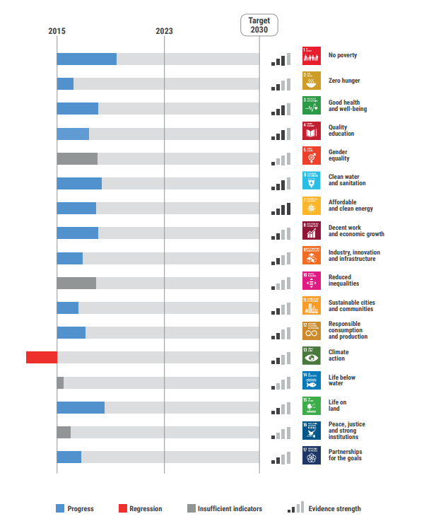 Sementara itu, kemajuan sudah terlihat pada zero hunger (Goal 2), good health and well-being (Goal 3), quality education (goal 4), affordable and clean energy (Goal 7) and reduced inequalities (Goal 10). Namun, progress paling sedikit dicapai sejak tahun 2015 untuk decent work and support economic growth (Goal 8), responsible consumption and production (Goal 12), life below water (Goal 14), life on land (Goal 15), dan partnerships for the goals (Goal 17) sehingga masih memerlukan perhatian yang besar.
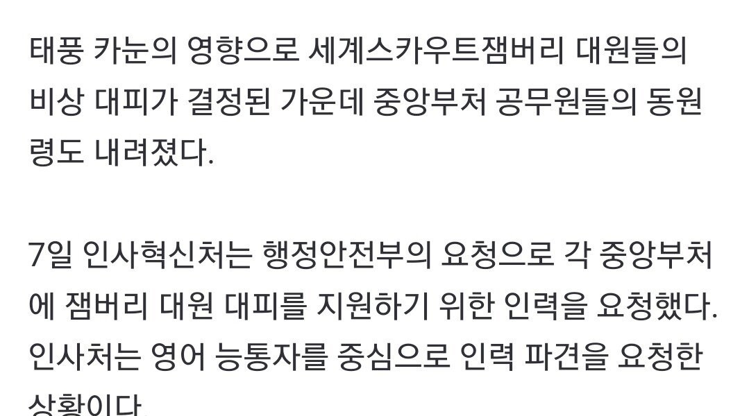 韓首相「ジャンボリー、今から中央政府が引き受ける」
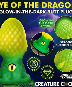Fantasy Anal Toy: This thick, egg-shaped plug has a stimulating, dragon-scales texture and a wide, base with a glass dragon’s eye on it.
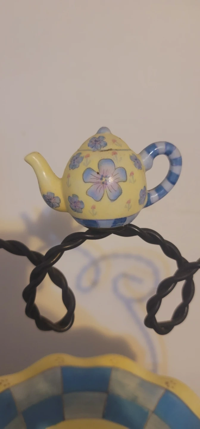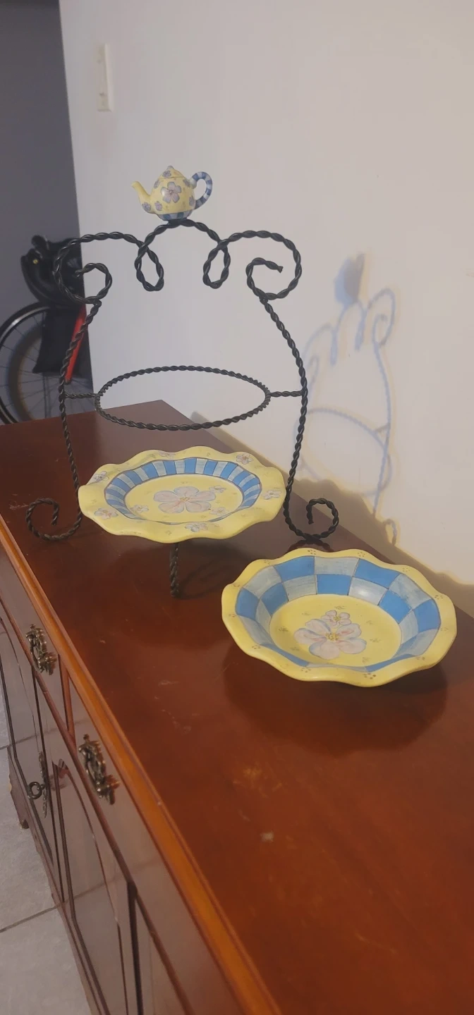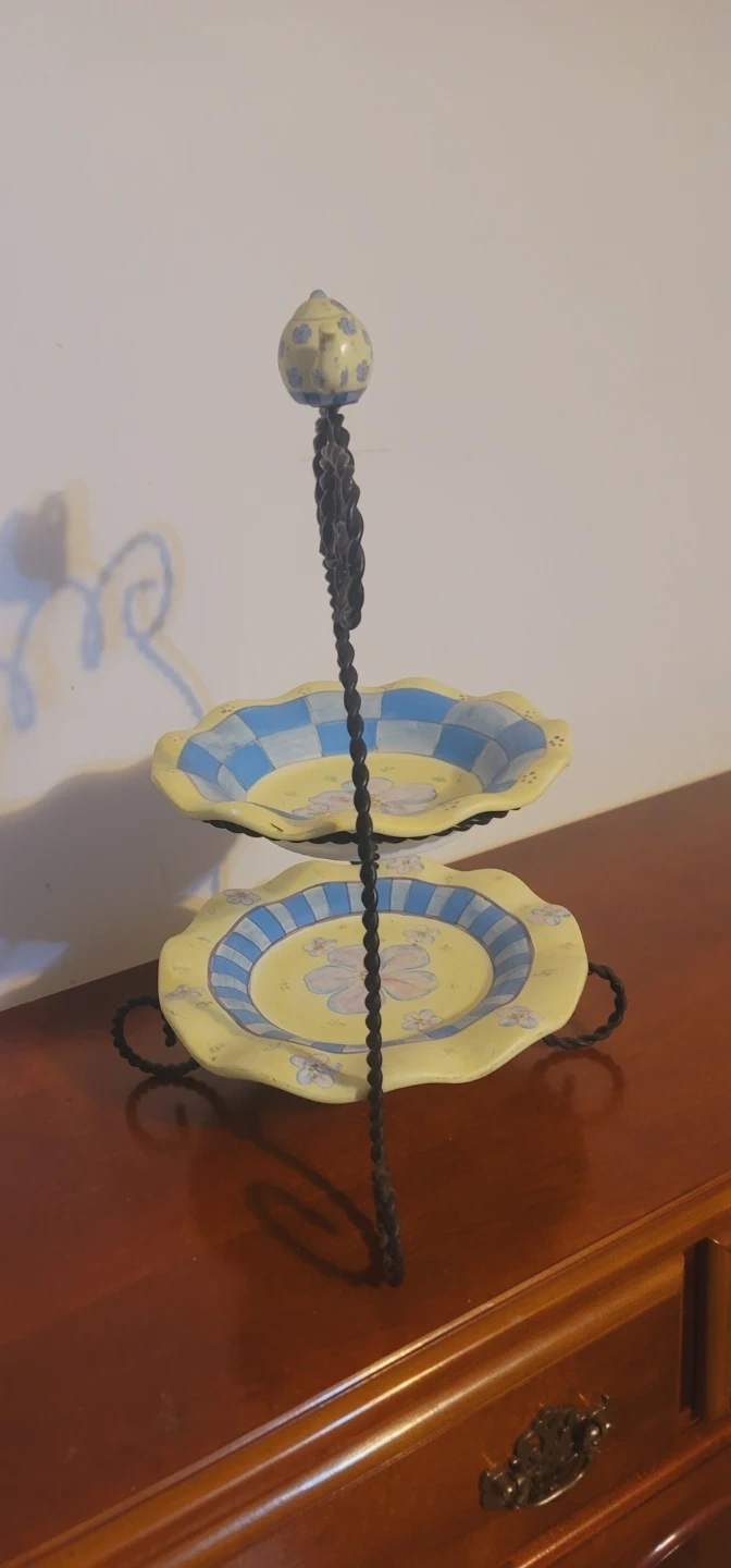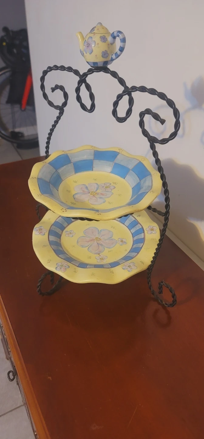 This charming 2-tier display stand features yellow plates with blue checkered and floral designs. It's topped with a decorative teapot. Perfect for serving snacks or displaying small items!

........

EXERCISE AIM: Full transcription of the material, exact in every line, without images.

ANSWER SPACE:
 Sementara itu, kemajuan sudah terlihat pada zero hunger (Goal 2), good health and well-being (Goal 3), quality education (goal 4), affordable and clean energy (Goal 7) and reduced inequalities (Goal 10). Namun, progress paling sedikit dicapai sejak tahun 2015 untuk decent work and support economic growth (Goal 8), responsible consumption and production (Goal 12), life below water (Goal 14), life on land (Goal 15), dan partnerships for the goals (Goal 17) sehingga masih memerlukan perhatian yang besar.
 韓首相「ジャンボリー、今から中央政府が引き受ける」
Fantasy Anal Toy: This thick, egg-shaped plug has a stimulating, dragon-scales texture and a wide, base with a glass dragon’s eye on it.
 This charming 2-tier display stand features yellow plates with blue checkered and floral designs. It's topped with a decorative teapot. Perfect for serving snacks or displaying small items!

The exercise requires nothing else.